» **WHAT TO WORK ON**: Word for word, print each line of the listing below; pictures stay out.

» **DATA PROVIDED**:
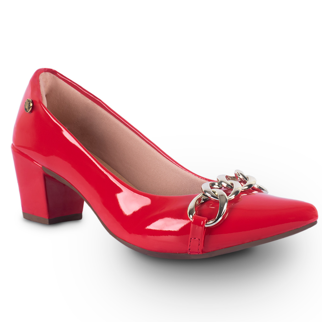 Scarpin Sapato Feminino Detalhe Corrente Dourada Salto Baixo Quadrado Bloco Bico Fino Promoção
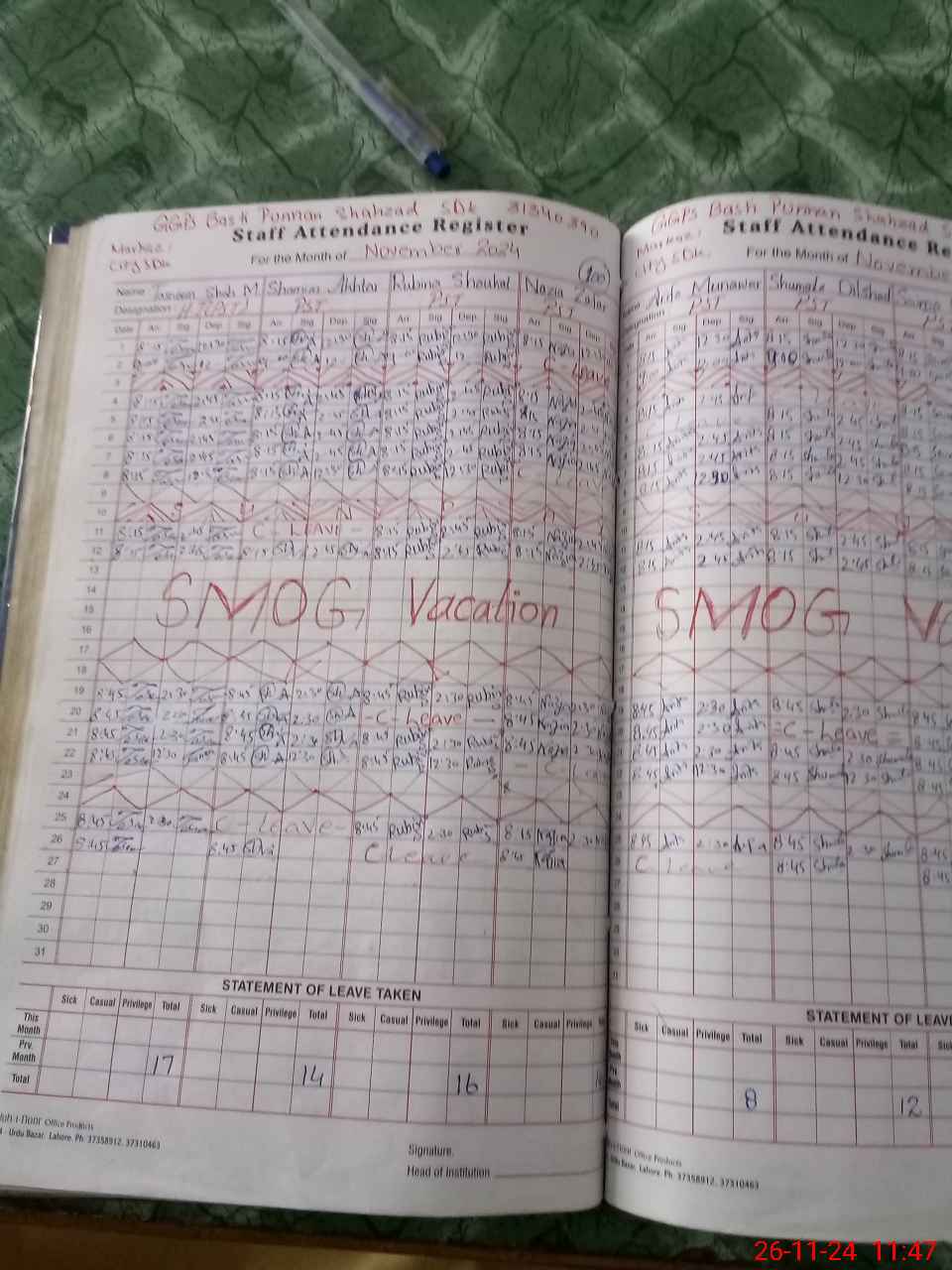 | Leave | Duty | Absent | Maternity | Medical | Ex- Pak |
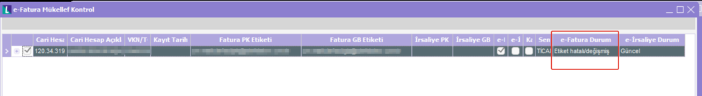 Açılan ekranda genellikle kırmızı renkte “Etiket Hatalı / Değişmiş” uyarısı görüntülenir.

» **ANSWER SECTION**:
 Scarpin Sapato Feminino Detalhe Corrente Dourada Salto Baixo Quadrado Bloco Bico Fino Promoção
 | Leave | Duty | Absent | Maternity | Medical | Ex- Pak |
 Açılan ekranda genellikle kırmızı renkte “Etiket Hatalı / Değişmiş” uyarısı görüntülenir.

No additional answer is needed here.